Research Paper Volume 3, Issue 3 pp 237—261

Ubiquitin over-expression phenotypes and ubiquitin gene molecular misreading during aging in Drosophila melanogaster

Nicholas Hoe1, , Chung M. Huang1, , Gary Landis1, , Marian Verhage2,3, , Daniel Ford1, , Junsheng Yang1, , Fred W. van Leeuwen3, , John Tower1, ,

  • 1 Molecular and Computational Biology Program, Department of Biological Sciences, University of Southern California, Los Angeles, CA 90089-2910
  • 2 Netherlands Institute for Neuroscience, 1105 BA Amsterdam, The Netherlands
  • 3 Maastricht University, Department of Neuroscience, 6229ER Maastricht, The Netherlands

Received: February 18, 2011       Accepted: March 10, 2011       Published: March 12, 2011
How to Cite

Copyright: © 2011 Hoe et al. This is an open-access article distributed under the terms of the Creative Commons Attribution License, which permits unrestricted use, distribution, and reproduction in any medium, provided the original author and source are credited.

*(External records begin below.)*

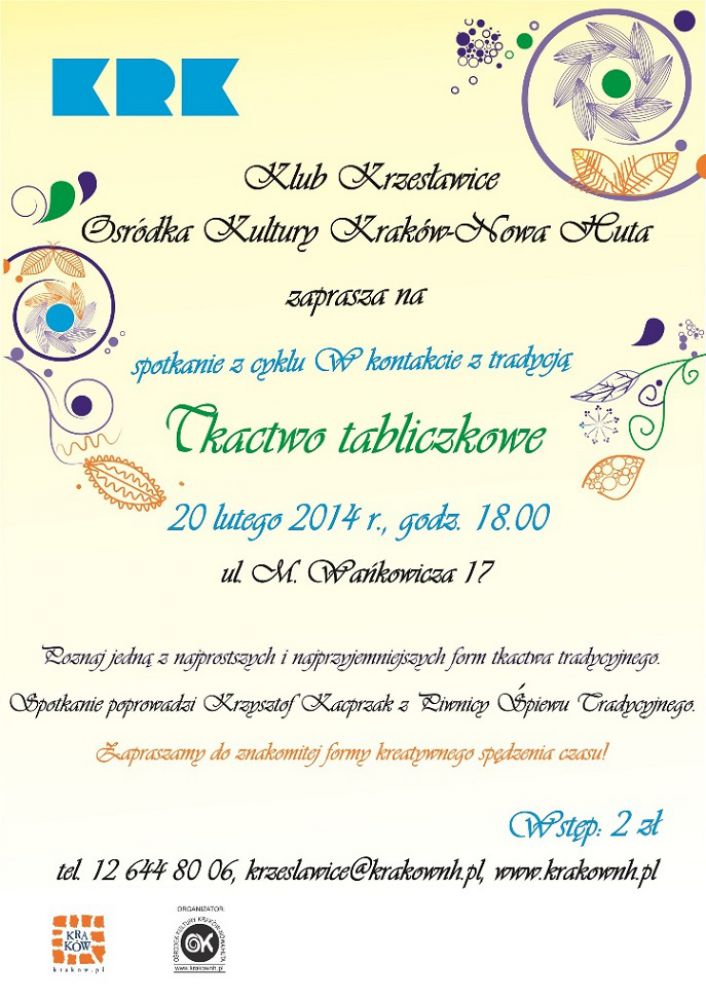Kolejne wydarzenie z cyklu W kontakcie z tradycjš, organizowanego przez Klub Krzesławice Orodka Kultury Kraków-Nowa Huta (ul. M. Wańkowicza 17).
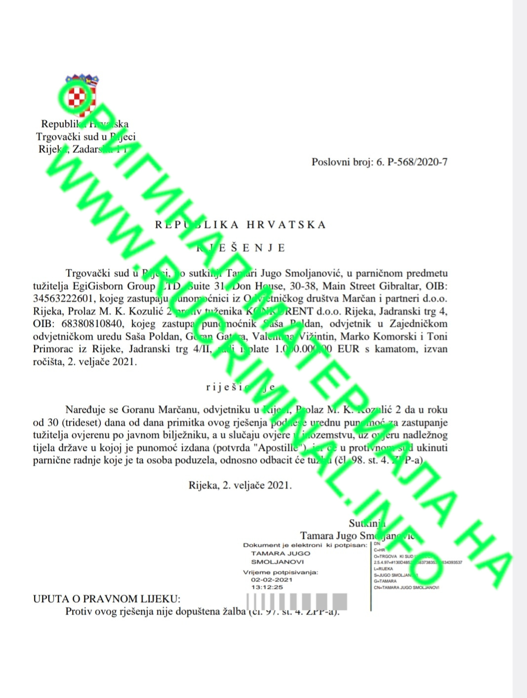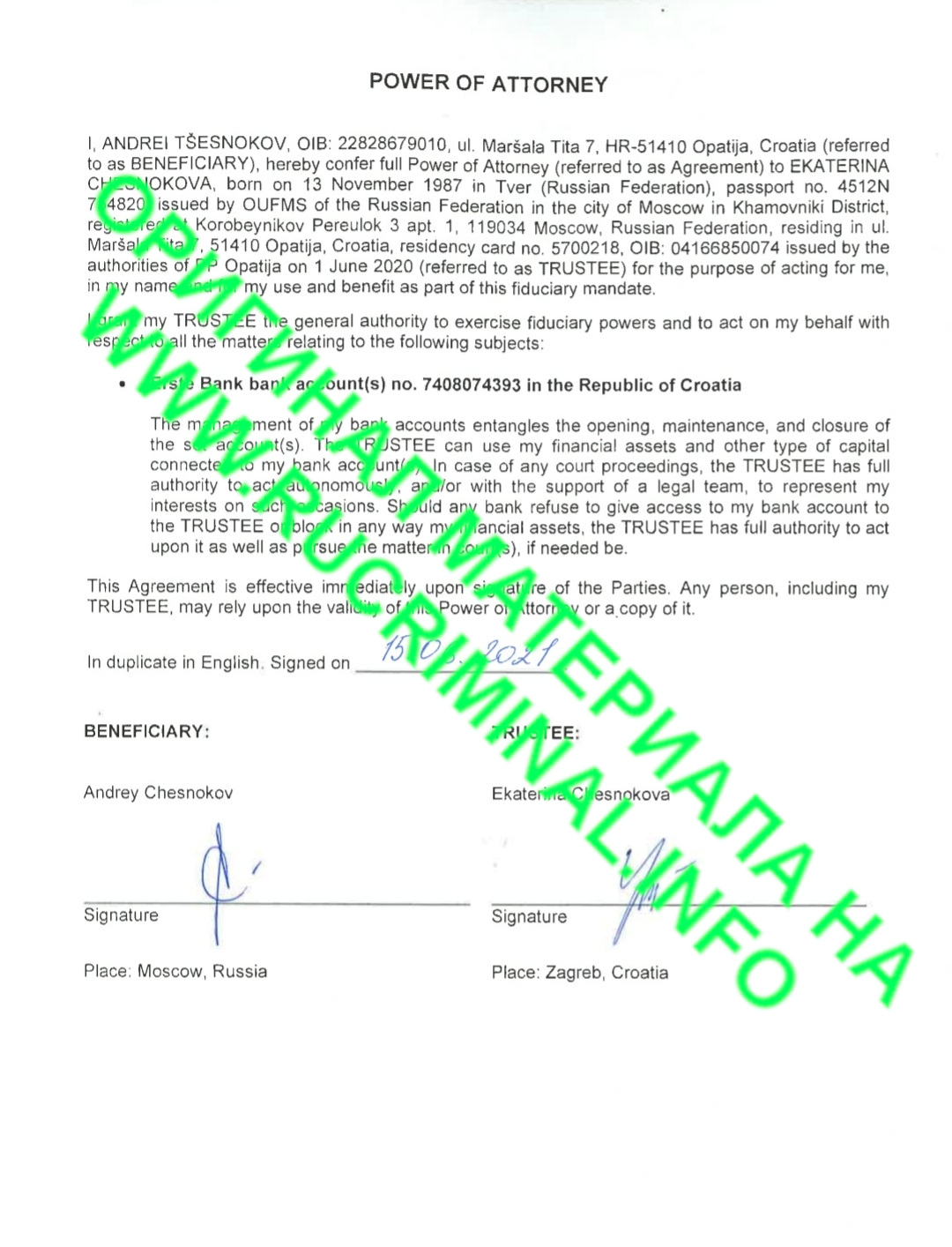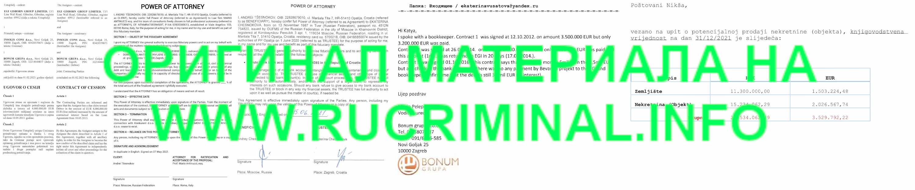 Three years ago, he suddenly disappeared for Croatian lawyers, and his wife appeared in his place - Chesnokova Ekaterina Dmitrievna (how Chesnokov turns into Tsesnokov is a separate story), which, however, is recorded a little differently in Croatian documents (as in general Andrei Chesnokov with a completely different transliteration in the passport in comparison with Russian documents). However, lawyers from Croatia were ready to turn a blind eye to these assumptions in the powers of attorney, but the divorce of the spouses, which Ekaterina kept silent about, was already extremely alarming to Croatian lawyers, who sent Chesnokov to the pre-trial detention center a complete set of documents on his property to confirm the correctness of the transactions. The SD most likely did not expect such a gift.
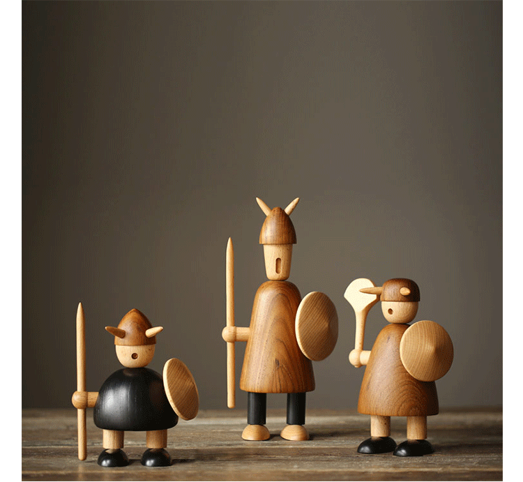 由于50年代的丹麦活跃着一股「斯堪地那维亚现代主义设计」风潮,延续低调简洁的风格并大量采用自然木材与传统工艺所迸出的美丽火花,设计大师Jacob Jensen也致力其中成为见证历史的大师之一。Jacob Jensen Wooden Viking(维京海盗)是经典的北欧形象,随着《加勒比海盗》系列电影的风靡,维京海盗在骁勇彪悍的传统形象里增加了俏皮、温暖、幽默的一面。这一组维京海盗形象为主题的北欧木雕设计,正是基于如此可爱的解读而做,摆在桌面上形成了饶有趣味的场景感,也是用来赠送的高档礼品。

Molecular Misreading (MM) is the inaccurate conversion of genomic information into aberrant proteins. For example, when RNA polymerase II transcribes a GAGAG motif it synthesizes at low frequency RNA with a two-base deletion. If the deletion occurs in a coding region, translation will result in production of misframed proteins. During mammalian aging, misframed versions of human amyloid precursor protein (hApp) and ubiquitin (hUbb) accumulate in the aggregates characteristic of neurodegenerative diseases, suggesting dysfunctional degradation or clearance. Here cDNA clones encoding wild-type hUbb and the frame-shifted version hUbb+1 were expressed in transgenic Drosophila using the doxycycline-regulated system. Misframed proteins were abundantly produced, both from the transgenes and from endogenous Drosophila ubiquitin-encoding genes, and their abundance increased during aging in whole-fly extracts. Over-expression of wild-type hUbb, but not hUbb+1, was toxic during fly development. In contrast, when over-expressed specifically in adult flies, hUbb+1 caused small decreases in life span, whereas hUbb was associated with small increases, preferentially in males. The data suggest that MM occurs in Drosophila and that the resultant misframed proteins accumulate with age. MM of the ubiquitin gene can produce alternative ubiquitin gene products with different and sometimes opposing phenotypic effects.


hUbb: human ubiquitin-B; hApp: human amyloid precursor protein; hsp: heat shock protein; MM: molecular misreading; Ub: ubiquitin.